Somewhat incoherent today; brain swarming. I think it will resolve and crystallize sometime over the next week; I can feel myself coming off the tail end of chaos, and it feels good. Great. Fan-freakin'-tastic.

Pika food!

I liked this quote, though it has seemingly no relevance whatsoever to my life at this moment. Aristotle's wrong about one thing, though; being angry isn't easy. It's hard. Or maybe I've developed my reflex so strongly that to overcome it and to let myself be angry is difficult.

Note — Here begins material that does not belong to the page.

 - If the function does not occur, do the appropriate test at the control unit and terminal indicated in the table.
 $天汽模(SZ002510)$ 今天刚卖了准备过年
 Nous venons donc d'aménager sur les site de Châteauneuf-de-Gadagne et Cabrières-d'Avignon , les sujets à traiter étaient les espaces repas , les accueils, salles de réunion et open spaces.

“Anyone can become angry. That is easy. But to be angry with the right person, to the right degree, at the right time, for the right purpose and in the right way - this is not easy." --Aristotle

I should at some point learn more about the pedagogical research around Moodle and how it's been integrated into the technology design, and vice versa. Papers like "Moodle: Using Learning Communities to Create an Open Source Course Management System" make me super-excited. I should also at some point pull a Martin Dougiamas and document a reading sprint on Constructivism (and other learning philosophies, for that matter). I should pull more deliberately documented reading sprints.

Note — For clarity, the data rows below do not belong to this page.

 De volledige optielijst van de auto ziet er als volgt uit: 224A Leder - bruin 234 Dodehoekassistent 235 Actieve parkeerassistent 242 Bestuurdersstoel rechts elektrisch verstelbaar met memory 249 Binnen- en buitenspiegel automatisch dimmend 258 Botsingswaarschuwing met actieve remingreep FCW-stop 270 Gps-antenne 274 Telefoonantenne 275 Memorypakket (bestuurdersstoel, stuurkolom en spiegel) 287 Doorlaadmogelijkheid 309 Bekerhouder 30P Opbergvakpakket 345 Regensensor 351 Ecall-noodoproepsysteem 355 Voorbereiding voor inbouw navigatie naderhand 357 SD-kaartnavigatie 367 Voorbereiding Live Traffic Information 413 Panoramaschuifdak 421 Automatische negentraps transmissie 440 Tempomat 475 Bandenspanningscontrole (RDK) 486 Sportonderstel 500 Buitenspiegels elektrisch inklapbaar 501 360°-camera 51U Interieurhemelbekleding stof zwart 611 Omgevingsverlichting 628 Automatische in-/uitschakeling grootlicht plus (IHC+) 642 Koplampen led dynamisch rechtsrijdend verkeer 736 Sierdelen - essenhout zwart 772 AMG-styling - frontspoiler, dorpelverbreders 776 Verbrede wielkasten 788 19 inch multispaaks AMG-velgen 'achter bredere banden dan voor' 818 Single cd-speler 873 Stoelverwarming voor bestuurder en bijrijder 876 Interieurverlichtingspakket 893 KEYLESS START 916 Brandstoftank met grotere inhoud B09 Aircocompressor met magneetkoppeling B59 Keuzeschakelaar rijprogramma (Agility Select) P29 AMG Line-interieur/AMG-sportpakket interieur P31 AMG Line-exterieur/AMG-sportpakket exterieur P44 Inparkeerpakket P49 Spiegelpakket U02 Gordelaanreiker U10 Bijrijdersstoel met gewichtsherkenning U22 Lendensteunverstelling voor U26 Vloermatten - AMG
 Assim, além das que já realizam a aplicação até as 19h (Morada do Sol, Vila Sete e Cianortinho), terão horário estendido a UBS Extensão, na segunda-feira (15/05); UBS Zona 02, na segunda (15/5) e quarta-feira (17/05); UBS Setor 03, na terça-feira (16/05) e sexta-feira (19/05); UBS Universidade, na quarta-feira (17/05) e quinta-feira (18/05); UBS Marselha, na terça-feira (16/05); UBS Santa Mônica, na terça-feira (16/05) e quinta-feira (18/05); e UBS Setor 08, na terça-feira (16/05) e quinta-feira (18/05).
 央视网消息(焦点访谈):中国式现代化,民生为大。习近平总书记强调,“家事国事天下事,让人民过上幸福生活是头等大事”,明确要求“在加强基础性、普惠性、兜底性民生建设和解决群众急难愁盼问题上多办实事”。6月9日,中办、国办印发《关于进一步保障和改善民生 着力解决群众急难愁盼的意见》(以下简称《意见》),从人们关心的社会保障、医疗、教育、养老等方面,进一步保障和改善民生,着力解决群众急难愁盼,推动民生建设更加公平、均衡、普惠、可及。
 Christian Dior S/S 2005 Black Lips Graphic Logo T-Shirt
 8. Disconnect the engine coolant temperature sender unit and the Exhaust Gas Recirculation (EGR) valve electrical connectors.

Last night, the night before: Chinese food, beer, a giant plate of nachos, and the kinds of conversations that make the world around you swarm, just shine with possibilities. It's great, this stuff-is-going-to-happen richness hanging in the air. I breathe it in 'till I'm exhausted, pass out on the couch, read Snow Crash. Hiro Protagonist. And swords.

This morning: Got a triple stack of new notebooks, pocket-sized ones this time. I'm out of paper, nearly out of pens. Shuffled down the brick divider that splits Main St. into two opposing lanes, past spray-painted arrows on the ground and into the Media Lab; Mitchell dropped a card down from the balcony so I could flash the reader in the up elevator, and here I am. Jackets and luggage line the perimeter; lousy jazz muzak pours out of the speakerphone in the center of the table. Friends around me. We're working on what feels right now like a huge mass of half-corralled potential, and if we find a way to let people just tap it right...

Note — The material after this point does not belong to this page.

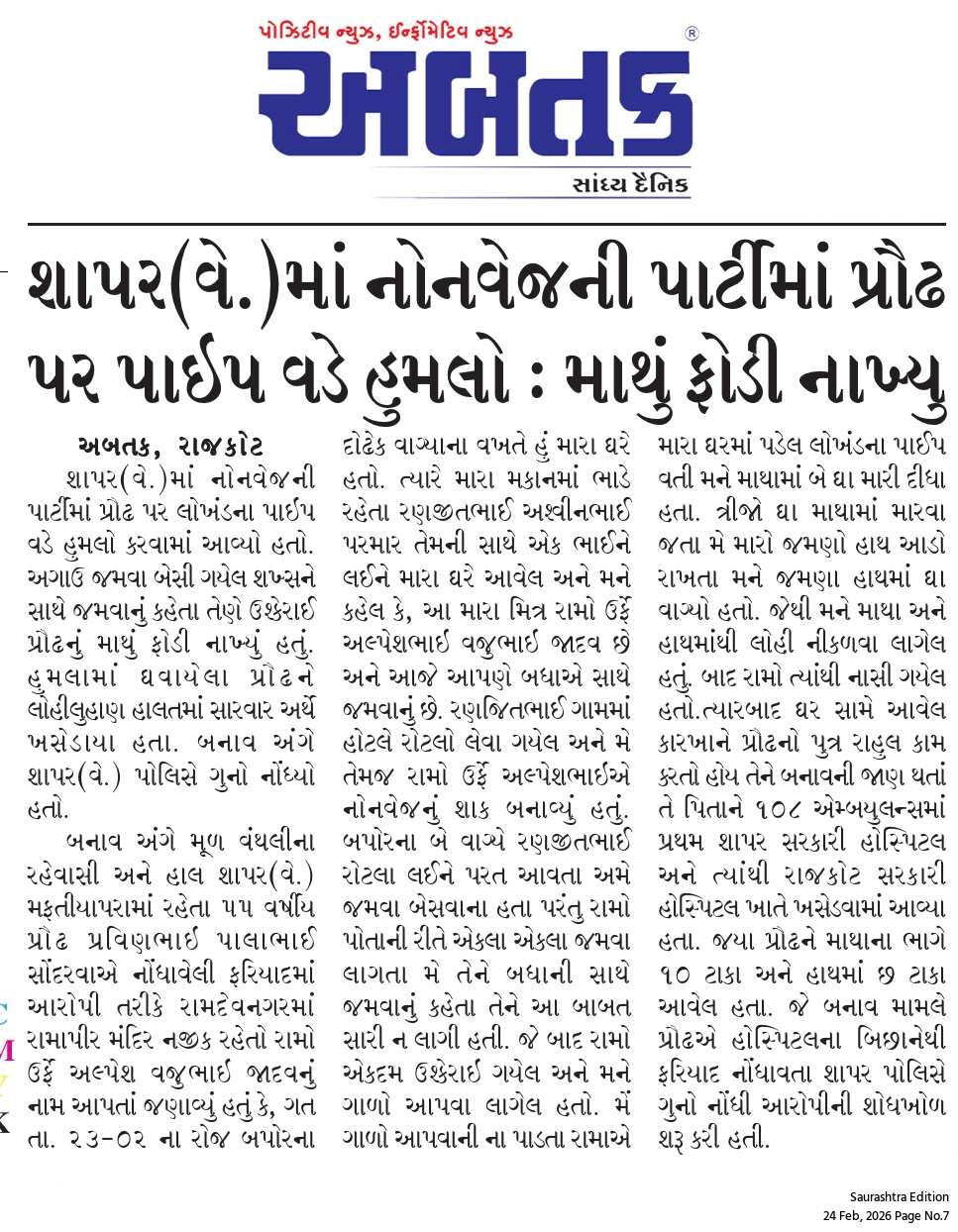 બુધવાર, 25 ફેબ્રુઆરી, 2026

I think that this is where history happens. Not on television screens or press releases; those come afterwards, sometimes, but ceremony only recognizes it after the fact, doesn't create it. Actual changes come in accidentally coordinated spasms; messy conversations, half-incoherent arguments, whiteboard mockups done by a handful of exhausted hackers munching on Tootsie-Roll Pops and improvising things into the world.

Not sure quite how I got here; grateful that I am. And god, but do I have a lot to learn.